July 30, 2014

Today, cord blood stem cell transplants are changing lives and making great advances for patients in the treatments of more than 80 diseases, disorders and injuries, and the treatments of the future look just as promising. Many experimental therapies utilizing cord blood are being studied, that could make a significant impact in the cures and management of many more diseases in the years and decades to come. Hydrocephalus could potentially be one of those diseases treated someday with a cord blood stem cell transplant.

Hydrocephalus is a medical condition found mostly in pediatric cases where the brain accumulates an abnormal amount of cerebrospinal fluid causing a buildup of pressure on brain tissue and the swelling of the head to accommodate the excess fluid.
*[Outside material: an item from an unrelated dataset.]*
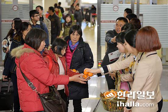2014년 갑오년을 맞아 중국 마카오발 이스타항공이 1일 오전 6시5분에 제주국제공항에 도착해 첫 입도 중국인관광객들을 제주도관광협회 직원들이 환영인사를 하고 있다./사진= 강경민기자 photo6n6@ihalla.com

Currently, there is no cure for hydrocephalus and surgical procedures to drain excess fluids and relieve pressure are the only treatment. If untreated, it can cause pain, brain damage, mental disabilities and possibly death.
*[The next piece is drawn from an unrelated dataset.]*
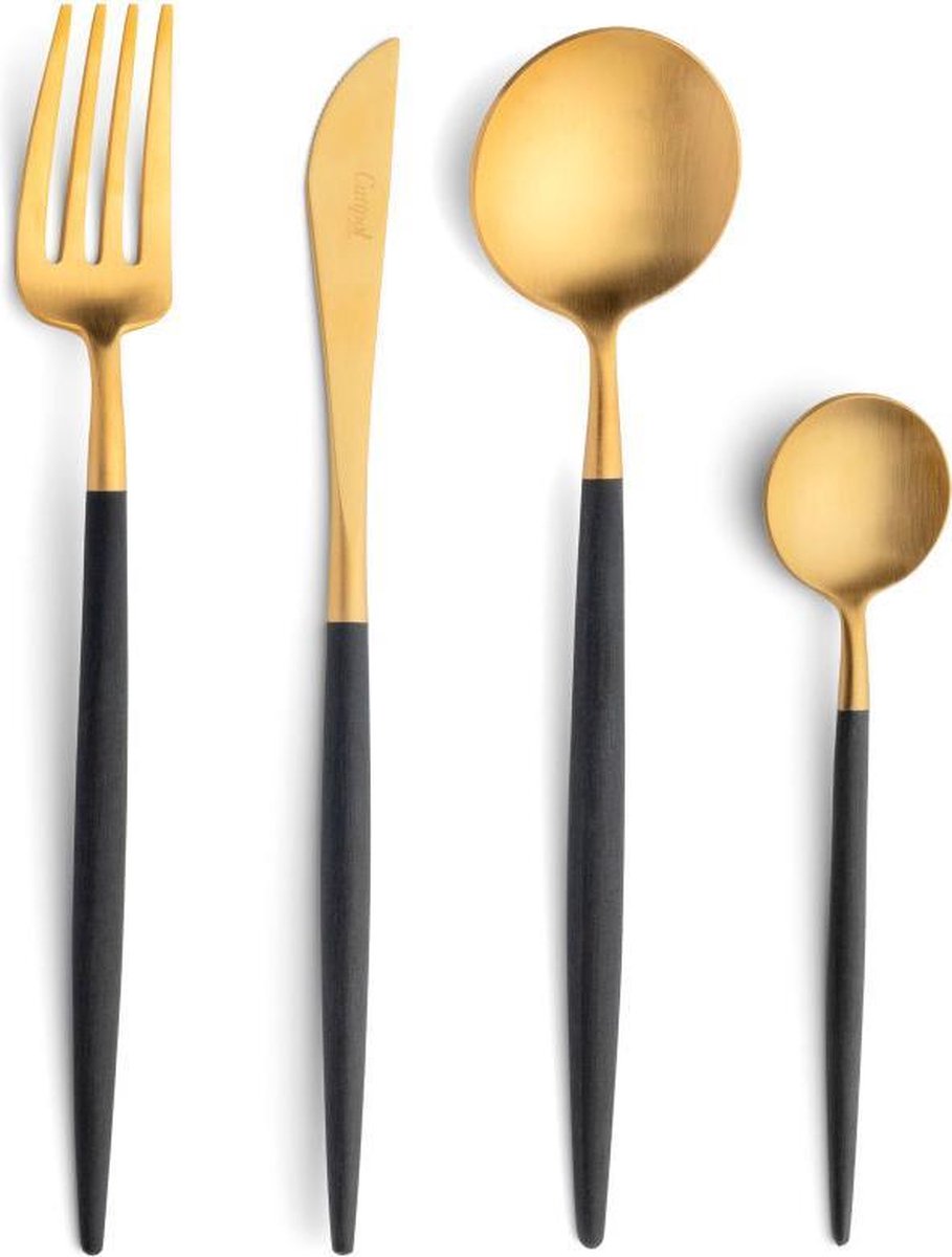 Bestekset Basic – Goa – Mat Goud-Zwart van Cutipol is een van de mooiste besteksets die er is op dit moment. Het bestek is gemaakt van roestvrij staal 18/10 met een 24K gouden finish en zwart heft. Dit is een regelrechte hit op je eettafel! Vele top restaurants dekken hiermee hun tafels en nu is het aan jou om hier elke dag van te kunnen genieten!

Hydrocephalus is caused by a blockage of the ventricles in the base of the brain where fluid typically drains, or if excess fluids fail to reabsorb into the blood stream. Pediatric hydrocephalus is the leading cause of brain surgeries for children in the U.S., and it occurs in 1 in 500 births. It is as common in children as Downs syndrome, according to the Hydrocephalus Association, and more prevalent than spina bifida or brain tumors.

A FDA-approved study is being conducted by Duke University, looking into the regenerative effects on blood vessels in the brain using a baby’s own umbilical cord blood in a stem cell transplant to treat hydrocephalus1 . Utilizing the neural progenitor cells from the cord blood, which are cells that already have a specific function, the cells go to work to facilitate the repair to any damaged cells or tissue. The study compares results from children who received an autologous cord blood stem cell transplant to those who did not undergo a transplant. This study is ongoing and researchers are optimistic about the outcome and potential treatments for those suffering with this disease.
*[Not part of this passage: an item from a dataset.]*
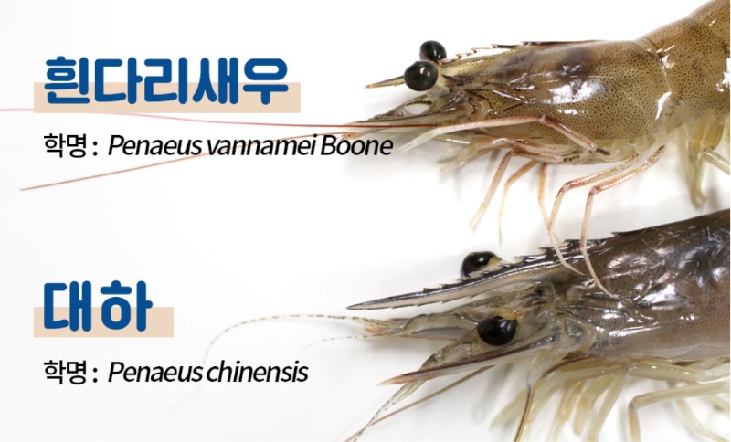 반면 흰다리새우는 코 끝이 짧고 더듬이도 대하보다 짧다. 수염의 길이도 몸길이와 비슷하며 다리는 투명한 듯한 흰색을 띠고 있다.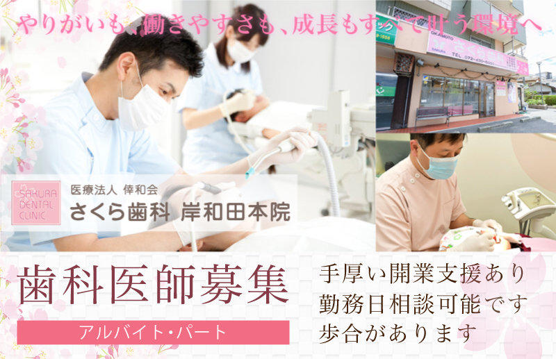 【岸和田市】医療法人倖和会 さくら歯科岸和田院/歯科医師(非常勤)

Cord blood uses in medical treatments are still relatively new to the medical field and are being studied extensively. Every new treatment found to have an effect on a different disease, illness, disorder or injury, using cord blood stem cells, has positive repercussions for not only those involved, but across the medical community in general. By banking your child’s cord blood, you avail your child to the possibility of treatments for countless diseases and illnesses that are already being treated and cured and even, those yet to be discovered.